What is systemic insecticide

Whether you are just starting with gardening or have already been a gardener for many years I am sure you have come across the term systemic insecticide, because it is quite commonly used to describe insecticide, so it is important to understand what it means.

Insecticides usually are classified in two groups, first being contact insecticides that have no residual activity and the second being systemic insecticides that have residual or long term activity. Here it is again the word systemic and this time combined with the word long term.

So what it all means?

The easiest way how to explain what systemic insecticide does is to understand how it works. If contact insecticides kill the insects upon their contact with the plant that is sprayed with this insecticide, hence the name contact insecticide, then systemic insecticide works a bit slower but also very efficient – the systemic insecticide becomes incorporated throughout the whole plant usually in a protein form that is not toxic to humans or animals and then when the targeted insect feeds on this plant, they ingest the insecticide and die. And if contact insecticide will wear off with the wind or rain, because it sits on top of the plants, then systemic insecticide will stay in the plant and will work for quite some time.

The plants are able to absorb the systemic insecticide into their cells and move it around thanks to the fact that this insecticide consists of substances that are highly soluble in water, so that plants can soak up the insecticide just like they would do with water. The downside is that if you apply the insecticide just moments before it starts to rain, there is a good chance that the insecticide will be washed away by the rain because it is water like or if the insecticide is applied incorrectly it can flow down from the plant and into the ground, however if there is no rain and the insecticide is applied correctly then the insecticide will be easily absorbed by plants.

There are some systemic insecticides that are applied to the soil not the plants, however, I wouldn’t recommend them because by doing it this way there is a bigger chance that not only your target insects will ingest this insecticide and be killed but it will be ingested by beneficial insects and even birds that can harm them.

Usually that how efficient each of these insecticides are is determined from that how the insecticide is sprayed. For example if a fogger is used in the application then the results will be much better, because the insecticide droplets will be very small and will thoroughly cover targeted area, but if a sprayer is used that distributes the solution in large droplets, then all targeted plants might not be coated with the insecticide you are using.
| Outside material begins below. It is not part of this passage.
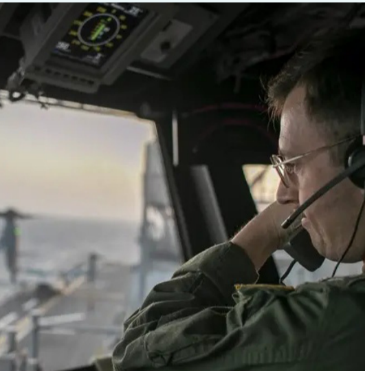
من العمليات العسكرية الأميركية في إيران

ضربات جديدة، وفي المقابل، أفادت وسائل إعلام إيرانية بوقوع انفجارات في جزيرة قشم، إلى جانب إصابة برج اتصالات في منطقة سيريك، بينما أعلن الحرس الثوري الإيراني تنفيذ هجمات استهدفت مواقع أميركية في الخليج، مؤكداً أنها جاءت رداً على الضربات الأميركية الأخيرة. كما أشارت تقارير إلى تعرض ناقلة نفط أخرى للاستهداف أثناء عبورها مضيق هرمز، في مؤشر على استمرار التوتر في أحد أهم

Systemic insecticide is one type of insecticide that you should really consider especially if you need to target places that are near other objects that cannot be laced with this insecticide, for example, if you want to spray the flowers that are near the pool with an insecticide, you cannot use contact insecticide, because that can contaminate the pool, however by using systemic insecticide it will be safe to enjoy your pool without having to worry about insects pursuing your flowers.